What would it mean for children to view morality within a context in which the common humanity of different individuals is not only emphasized but actual value is placed on the complexity of those differences?
For children in a Christian tradition, the insularity of prayer is the linchpin to becoming moral. Prayer—atomized, isolated, viewed as one small drop radiating through a big God-roiled pool—is something that even little kids can do with minimal effort or expenditure. Prayer becomes a moral device, a tool, and a treadmill. If I send out well wishes for a certain person, cause, or catastrophe, the thinking goes, it will reverberate and have some tangible effect. And so prayer gives one a temporary pass for not actually doing something in the real world or fundamentally changing one’s perceptions of “others.” For a few inexpensive moments a day I can plug my chip into the circuit board of the divine, holding out hope for resolution. I can pray that God will cure the HIV-infected kid in my fifth-grade class whose homeless parents can’t afford to buy food much less health insurance or even the latest designer shoes. I can then go blithely on my way without having to linger on whether there actually is a higher power that can make such a whiz-bang change. I can weigh the inequitable human social order with the mystery and moral justice of the divine. For if this social order is not human inspired, then naturally there must be some moral reason why the child suffers. There must be some causal connection between the child’s condition and the moral failings of the parents. The hand of God must be somewhere, benevolently pulling the strings.
I have a vivid memory of the first time I became aware that children could die. It was early evening in the leisurely dusk of summer. After eating with my mother at a local coffee shop, we passed by a newspaper vending machine outside. A child victim, kidnapped, murdered, and disposed of like garbage, stared ominously out at me from the front page of a newspaper in grainy black and white. I remember my sense of horror when my mother told me that the child, who was approximately my age, would never see his parents again. Associating death with old people, I was stupefied by this seeming contradiction. Alone in my bed that night, my friends’ prayer-saturated social universe smacked me down, and I wondered how “God” could have countenanced such unspeakable evil.
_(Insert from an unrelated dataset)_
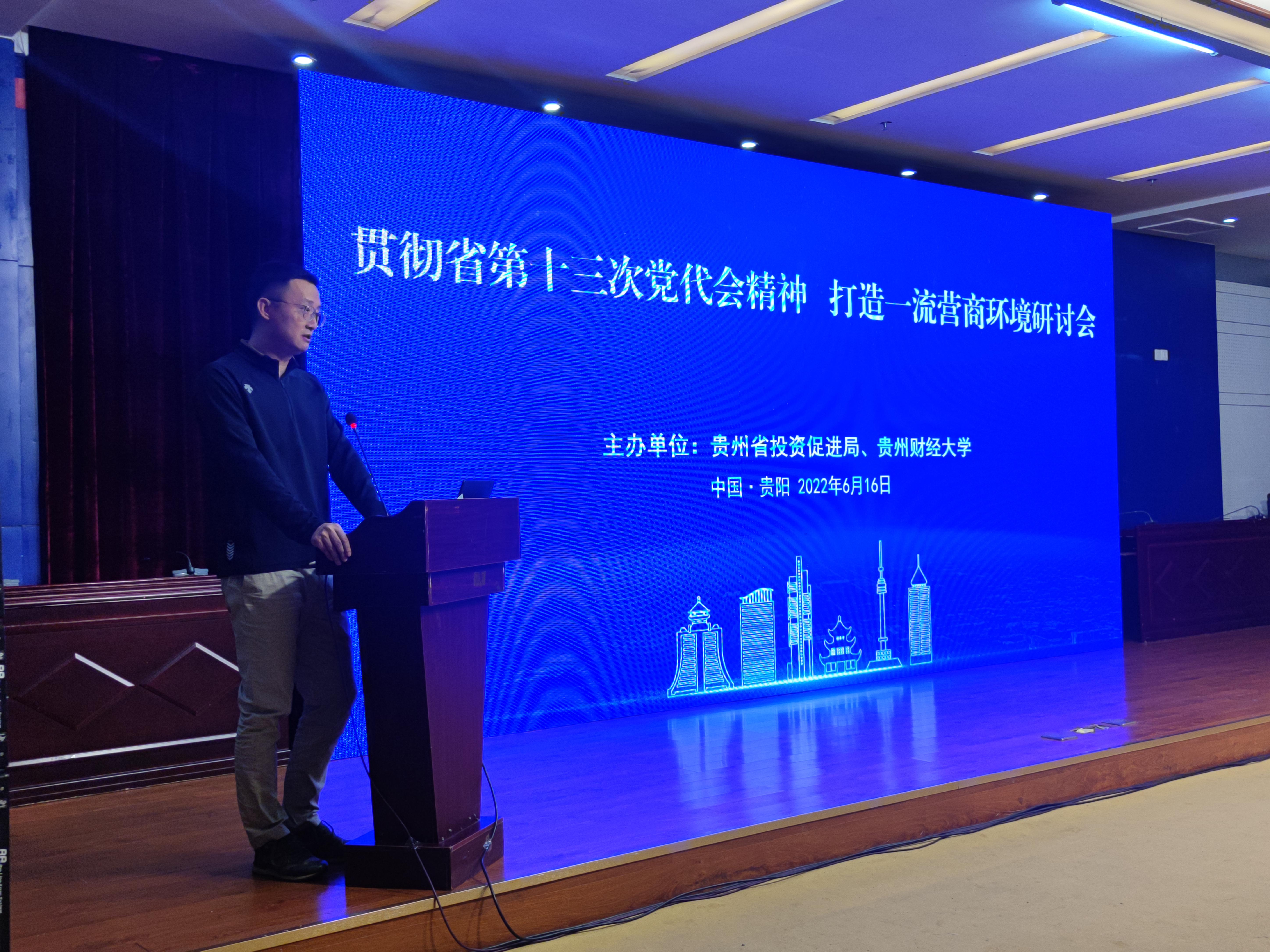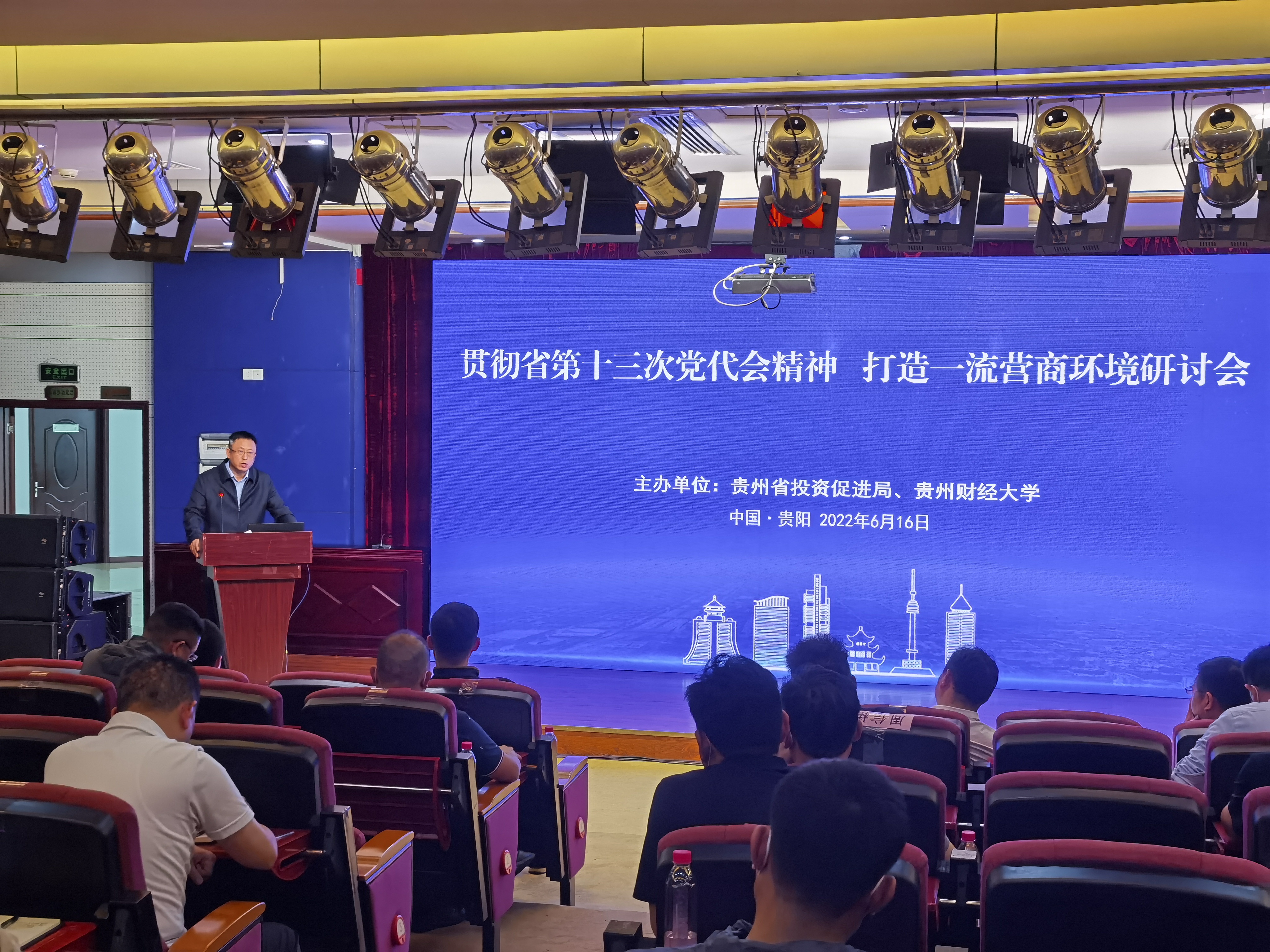 为深入贯彻落实省第十三次党代会精神,打造一流的营商环境,助推我省经济高质量发展,6月16日晚,贵州省投资促进局与百合小说 在营商环境专题研讨班期间,共同举办“贯彻省第十三次党代会精神 打造一流营商环境”研讨会。贵州省投资促进局党组成员、副局长付应刚,百合小说 党委副书记朱克乾出席了此次研讨会。参与本次研讨会的还有来自省直部门、市(州)、县(市、区)营商环境主管部门的相关同志。研讨会开幕式由百合小说 院长曾宇航主持。

Decades later there is an aching space where this child’s life would have been, his personhood, his bundle of tics, idiosyncrasies “frozen” at abduction. Violent death by homicide at an early age is a grim reality for many youth of color. Gangsta rap romanticizes it and dishes it up for the voyeurism of white suburbia. Mainstream media ignores it or relegates it to social pathology. Every semester when I ask my students if they’ve had a young friend or relative die violently at least half will raise their hands. Their tattoos, notebooks, and Sidekick phones are filled with vibrant mementoes for the dead. Such are the killing fields of disposable youth. It is not necessary to go to Iraq, Afghanistan, or some other theatre of American imperialism to experience this devastation. And yet, in urban communities there is God at the precipice, dangling children and fools over the side, manufacturing faith.